* Brief *
Only certain lines below are wanted: those starting at the line containing "وكان رئيس الوزراء" and ending at the line containing "- AUTO SPEED", both included, each retyped exactly.

* Task data *

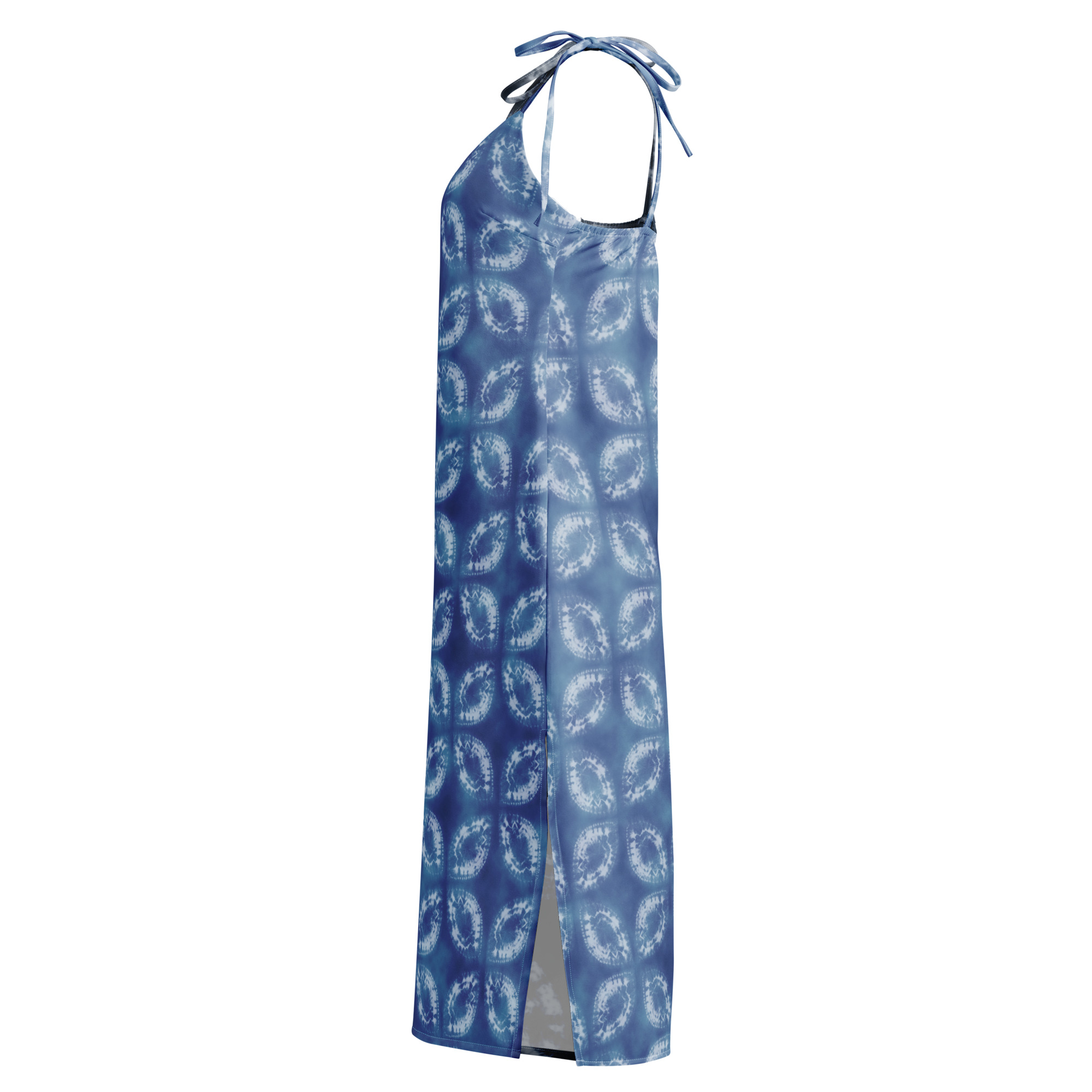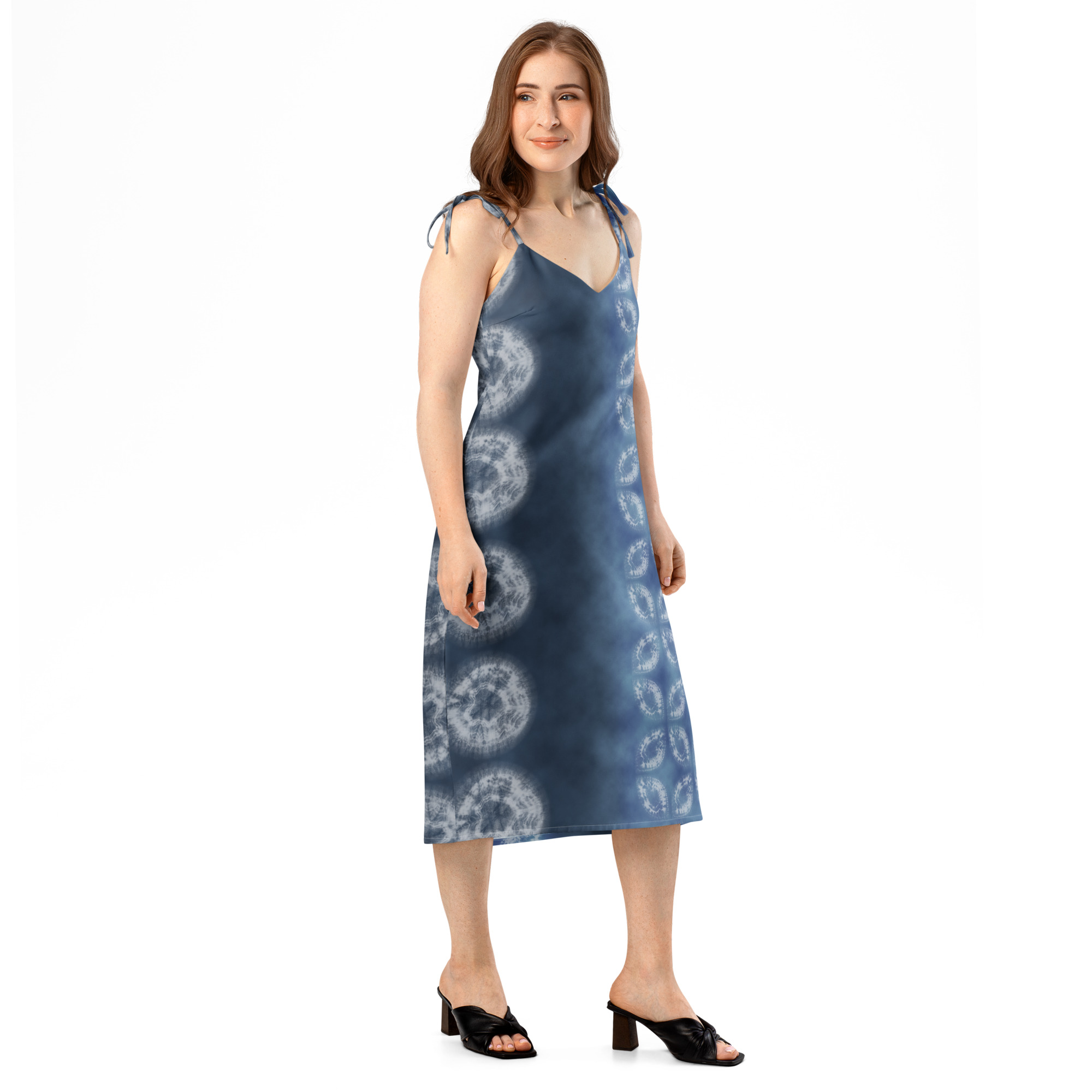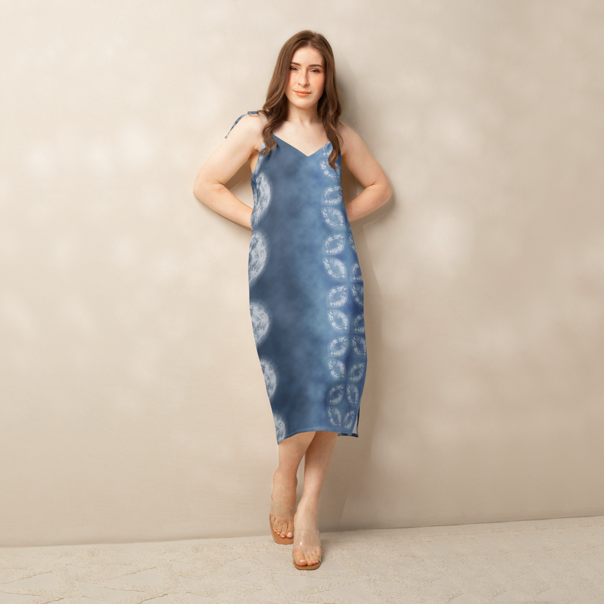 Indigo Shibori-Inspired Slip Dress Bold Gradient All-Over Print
---
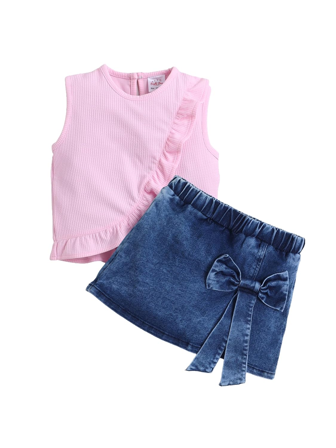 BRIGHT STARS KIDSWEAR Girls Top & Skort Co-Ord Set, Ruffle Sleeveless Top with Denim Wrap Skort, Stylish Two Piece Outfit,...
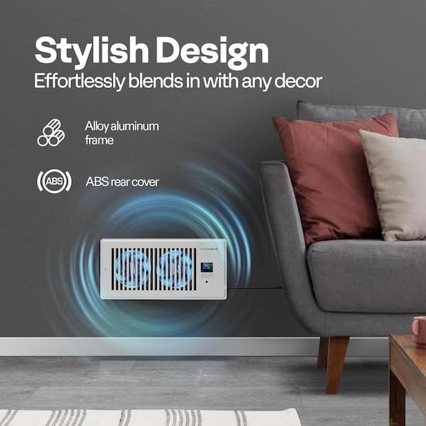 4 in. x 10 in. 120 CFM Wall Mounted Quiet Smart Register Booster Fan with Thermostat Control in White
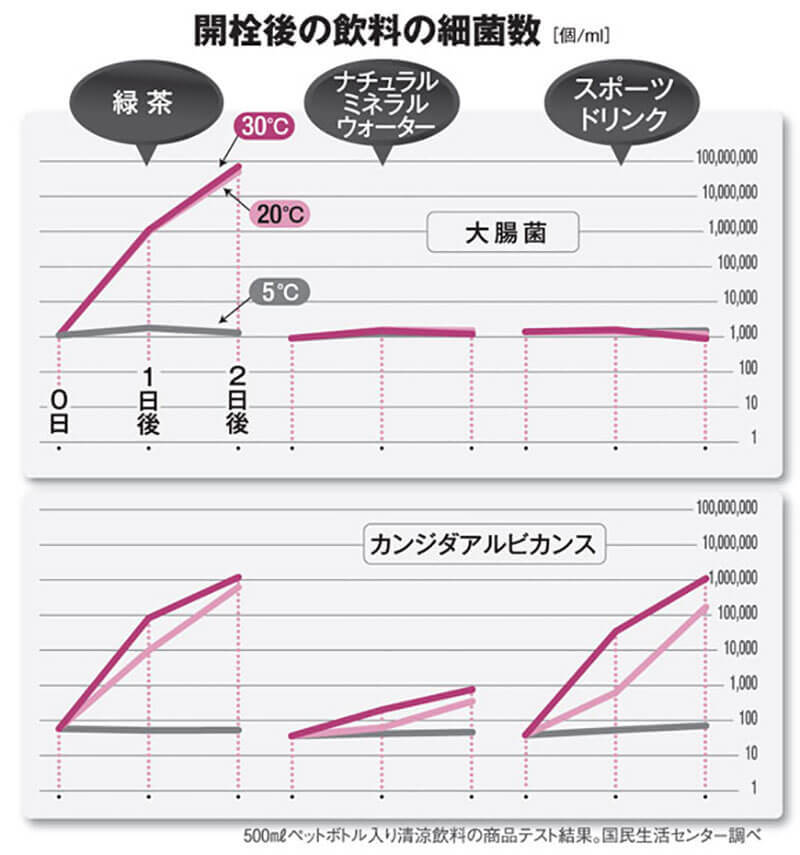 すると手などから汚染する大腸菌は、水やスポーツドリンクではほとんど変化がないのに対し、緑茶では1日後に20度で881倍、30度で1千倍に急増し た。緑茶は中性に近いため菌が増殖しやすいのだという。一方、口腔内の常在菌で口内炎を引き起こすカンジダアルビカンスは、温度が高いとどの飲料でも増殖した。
--
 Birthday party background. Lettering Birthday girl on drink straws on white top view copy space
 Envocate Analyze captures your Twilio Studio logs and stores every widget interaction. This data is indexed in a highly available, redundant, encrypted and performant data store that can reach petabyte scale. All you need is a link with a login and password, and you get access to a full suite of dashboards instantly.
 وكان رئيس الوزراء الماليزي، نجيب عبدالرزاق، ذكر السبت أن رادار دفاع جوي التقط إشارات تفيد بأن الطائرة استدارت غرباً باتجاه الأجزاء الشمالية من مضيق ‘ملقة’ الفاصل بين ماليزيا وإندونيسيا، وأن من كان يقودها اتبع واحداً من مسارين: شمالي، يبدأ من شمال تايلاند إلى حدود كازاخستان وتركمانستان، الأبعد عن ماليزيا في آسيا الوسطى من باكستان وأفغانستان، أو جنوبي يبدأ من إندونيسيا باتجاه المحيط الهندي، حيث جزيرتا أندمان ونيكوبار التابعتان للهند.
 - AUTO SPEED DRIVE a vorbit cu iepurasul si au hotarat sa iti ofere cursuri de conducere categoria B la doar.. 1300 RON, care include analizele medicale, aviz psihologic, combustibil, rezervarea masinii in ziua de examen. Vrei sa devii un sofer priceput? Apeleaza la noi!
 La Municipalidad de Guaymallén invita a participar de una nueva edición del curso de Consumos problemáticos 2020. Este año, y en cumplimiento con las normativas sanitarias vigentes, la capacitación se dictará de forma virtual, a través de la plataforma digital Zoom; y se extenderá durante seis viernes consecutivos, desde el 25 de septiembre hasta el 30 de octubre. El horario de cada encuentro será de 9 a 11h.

* Final answer *
 وكان رئيس الوزراء الماليزي، نجيب عبدالرزاق، ذكر السبت أن رادار دفاع جوي التقط إشارات تفيد بأن الطائرة استدارت غرباً باتجاه الأجزاء الشمالية من مضيق ‘ملقة’ الفاصل بين ماليزيا وإندونيسيا، وأن من كان يقودها اتبع واحداً من مسارين: شمالي، يبدأ من شمال تايلاند إلى حدود كازاخستان وتركمانستان، الأبعد عن ماليزيا في آسيا الوسطى من باكستان وأفغانستان، أو جنوبي يبدأ من إندونيسيا باتجاه المحيط الهندي، حيث جزيرتا أندمان ونيكوبار التابعتان للهند.
 - AUTO SPEED DRIVE a vorbit cu iepurasul si au hotarat sa iti ofere cursuri de conducere categoria B la doar.. 1300 RON, care include analizele medicale, aviz psihologic, combustibil, rezervarea masinii in ziua de examen. Vrei sa devii un sofer priceput? Apeleaza la noi!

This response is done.